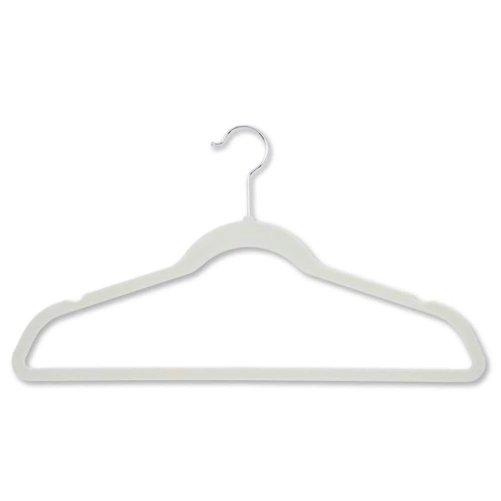 Honey-Can-Do HNG-01051 20-Pack Velvet Touch Suit Hanger, Ivory. Beautiful, soft, and durable this clothes hanger is contoured to keep shirts, dresses, jackets, and pants perfectly wrinkle-free. Features a 360° chrome, swivel rod hook to hang items easily on any closet rod, towel bar, or standard size door. Durable metal construction provides strength, reliability, and long-lasting beauty. Soft velvet coating is gentle on delicate garments and provides a non-slip surface that holds fabrics beautifully in place. Slim, space-saving design makes the most use of available hanging space with its 1 or 4 profile.
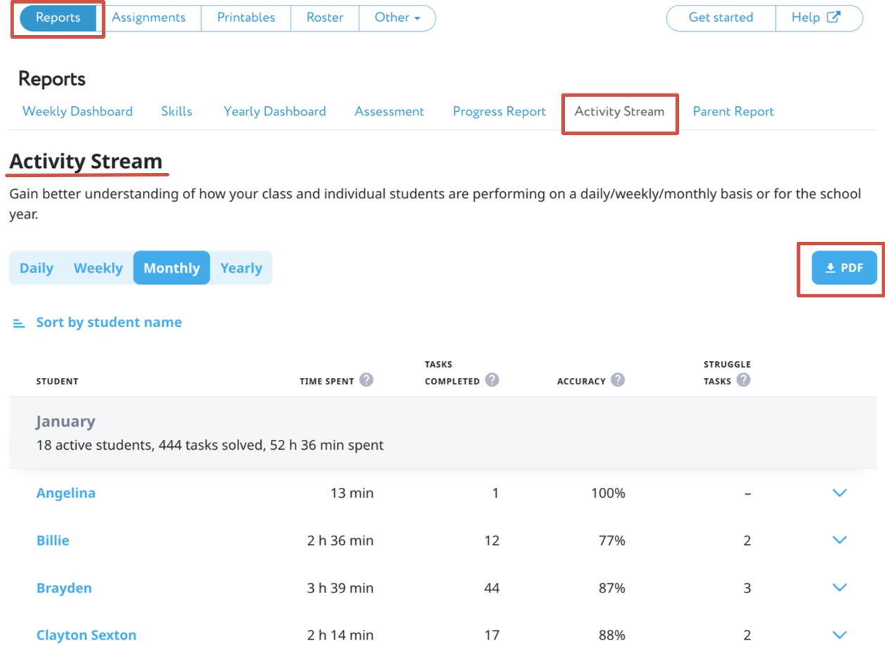 We have you covered if you're looking to print the Activity Stream details like accuracy rate, the number of tasks done, and time spent for the entire class! Go to the 'Activity Stream' section, select the period you'd like to be displayed, and click 'PDF' to download it. You can either share a downloaded PDF via email or print it.
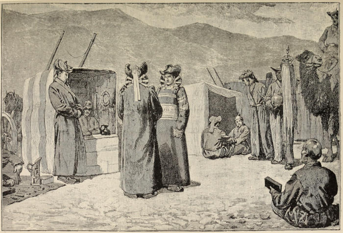 | The Russian consul, M. Feodroff—Hospitality of the Consulate—The “lions” of Ourga—The colossal statue of the “Maidha”—The “Bogdor of Kurene”—An impromptu interview—Prayer-wheels—Praying-boards—Religious fervour of the Mongols | 272 |
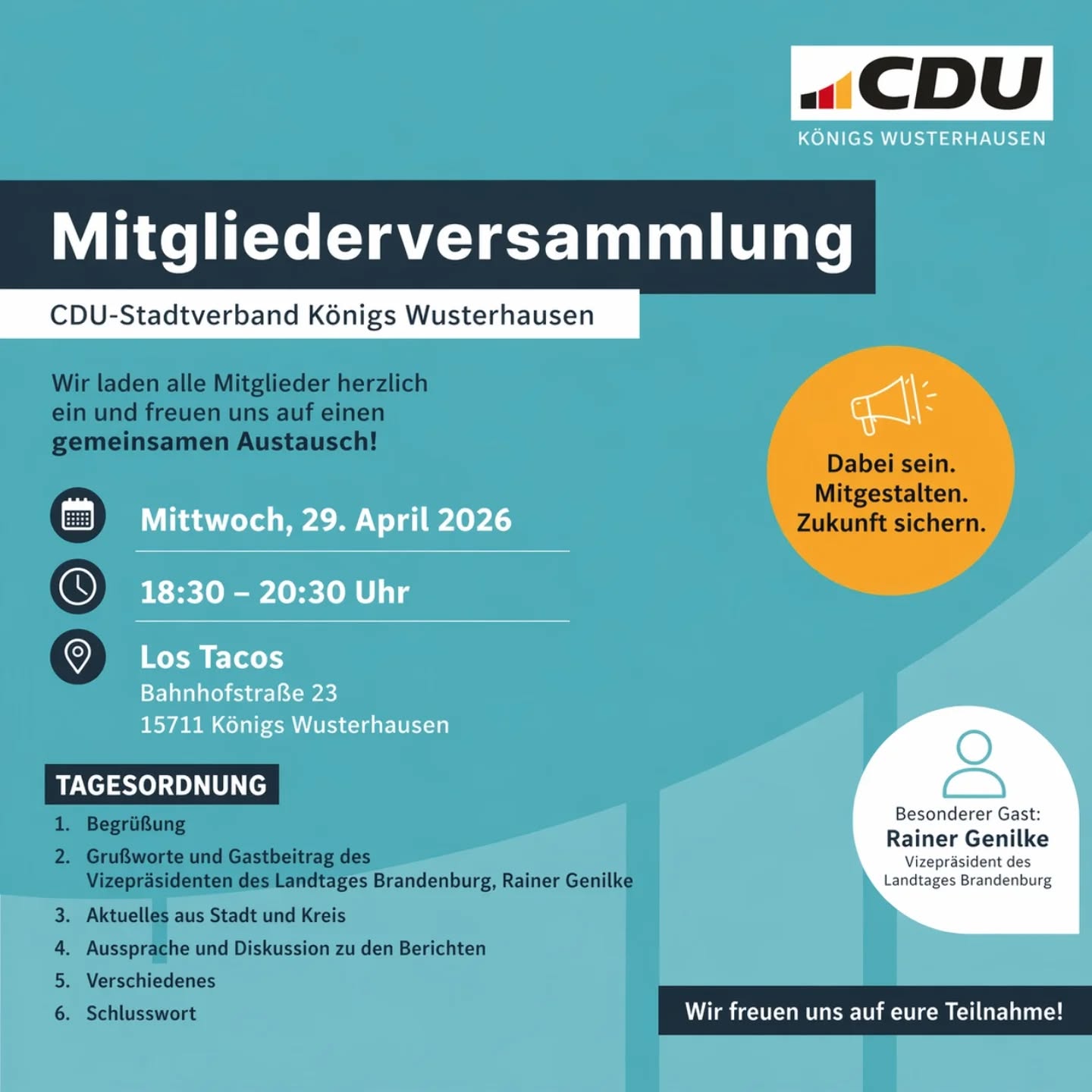 Liebe Mitbürger, Mitglieder und Freunde der CDU, am 3. Oktober feiern wir den Tag der Deutschen Einheit ? ein Tag der Freude, des Dankes und der Erinnerung. Vor 35 Jahren erfüllte sich ein Traum, an den viele Menschen in Ost und West kaum noch zu glauben wagten: Unser Land wurde wiedervereinigt, Deutschland wurde eins. Die Wiedervereinigung war kein Zufall, sondern das Ergebnis von Mut, Vertrauen und politischer Weitsicht. Besonders unser damaliger Bundeskanzler Helmut Kohl, der große Kanzler der Einheit, hat mit seiner Entschlossenheit, seinem tiefen Glauben an die Freiheit und seiner festen Verankerung in den Werten der Christlich Demokratischen Union den Weg zur Einheit bereitet. Wir verdanken ihm ? und allen Bürgerinnen und Bürgern, die in der Friedlichen Revolution für Freiheit und Demokratie auf die Straße gingen ? dass wir heute in einem freien, geeinten und starken Deutschland leben dürfen. Gerade in Zeiten, in denen unser gesellschaftlicher Zusammenhalt erneut auf die Probe gestellt wird, ist der 3. Oktober ein Tag der Besinnung. Er erinnert uns daran, dass Einigkeit, Recht und Freiheit keine Selbstverständlichkeiten sind, sondern täglich neu gelebt und verteidigt werden müssen. Lasst uns gemeinsam dafür sorgen, dass das, was uns verbindet, stärker bleibt als das, was uns trennt ? im Geiste von 1989 und im Bewusstsein unserer gemeinsamen Verantwortung für unser Land. In diesem Sinne wünsche ich allen einen frohen und besinnlichen Tag der Deutschen Einheit! Mit herzlichen Grüßen Peter Dreher Vorsitzender des CDU-Stadtverbands Königs Wusterhausen
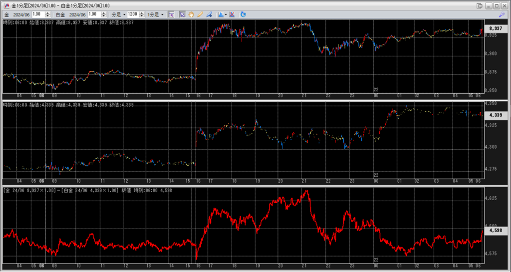 中:大阪取引所 白金 2024年6月限 1分足
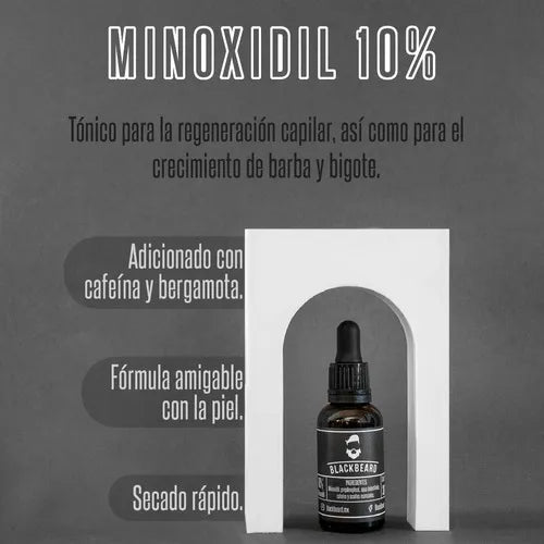 El uso regular de Minoxidil 10% Blackbeard no solo promueve el crecimiento del cabello, sino que también puede mejorar la apariencia y la textura del vello facial. Este producto se convierte en un aliado indispensable para quienes buscan una solución efectiva y confiable para el cuidado del cabello y la barba. Transforma tu rutina de cuidado personal en un ritual de confianza y bienestar.

================================

**Problem to work on:** Write out the entries above in full and exactly; no pictures.

**The completed task:**
 Honey-Can-Do HNG-01051 20-Pack Velvet Touch Suit Hanger, Ivory. Beautiful, soft, and durable this clothes hanger is contoured to keep shirts, dresses, jackets, and pants perfectly wrinkle-free. Features a 360° chrome, swivel rod hook to hang items easily on any closet rod, towel bar, or standard size door. Durable metal construction provides strength, reliability, and long-lasting beauty. Soft velvet coating is gentle on delicate garments and provides a non-slip surface that holds fabrics beautifully in place. Slim, space-saving design makes the most use of available hanging space with its 1 or 4 profile.
 We have you covered if you're looking to print the Activity Stream details like accuracy rate, the number of tasks done, and time spent for the entire class! Go to the 'Activity Stream' section, select the period you'd like to be displayed, and click 'PDF' to download it. You can either share a downloaded PDF via email or print it.
 | The Russian consul, M. Feodroff—Hospitality of the Consulate—The “lions” of Ourga—The colossal statue of the “Maidha”—The “Bogdor of Kurene”—An impromptu interview—Prayer-wheels—Praying-boards—Religious fervour of the Mongols | 272 |
 Liebe Mitbürger, Mitglieder und Freunde der CDU, am 3. Oktober feiern wir den Tag der Deutschen Einheit ? ein Tag der Freude, des Dankes und der Erinnerung. Vor 35 Jahren erfüllte sich ein Traum, an den viele Menschen in Ost und West kaum noch zu glauben wagten: Unser Land wurde wiedervereinigt, Deutschland wurde eins. Die Wiedervereinigung war kein Zufall, sondern das Ergebnis von Mut, Vertrauen und politischer Weitsicht. Besonders unser damaliger Bundeskanzler Helmut Kohl, der große Kanzler der Einheit, hat mit seiner Entschlossenheit, seinem tiefen Glauben an die Freiheit und seiner festen Verankerung in den Werten der Christlich Demokratischen Union den Weg zur Einheit bereitet. Wir verdanken ihm ? und allen Bürgerinnen und Bürgern, die in der Friedlichen Revolution für Freiheit und Demokratie auf die Straße gingen ? dass wir heute in einem freien, geeinten und starken Deutschland leben dürfen. Gerade in Zeiten, in denen unser gesellschaftlicher Zusammenhalt erneut auf die Probe gestellt wird, ist der 3. Oktober ein Tag der Besinnung. Er erinnert uns daran, dass Einigkeit, Recht und Freiheit keine Selbstverständlichkeiten sind, sondern täglich neu gelebt und verteidigt werden müssen. Lasst uns gemeinsam dafür sorgen, dass das, was uns verbindet, stärker bleibt als das, was uns trennt ? im Geiste von 1989 und im Bewusstsein unserer gemeinsamen Verantwortung für unser Land. In diesem Sinne wünsche ich allen einen frohen und besinnlichen Tag der Deutschen Einheit! Mit herzlichen Grüßen Peter Dreher Vorsitzender des CDU-Stadtverbands Königs Wusterhausen
 中:大阪取引所 白金 2024年6月限 1分足
 El uso regular de Minoxidil 10% Blackbeard no solo promueve el crecimiento del cabello, sino que también puede mejorar la apariencia y la textura del vello facial. Este producto se convierte en un aliado indispensable para quienes buscan una solución efectiva y confiable para el cuidado del cabello y la barba. Transforma tu rutina de cuidado personal en un ritual de confianza y bienestar.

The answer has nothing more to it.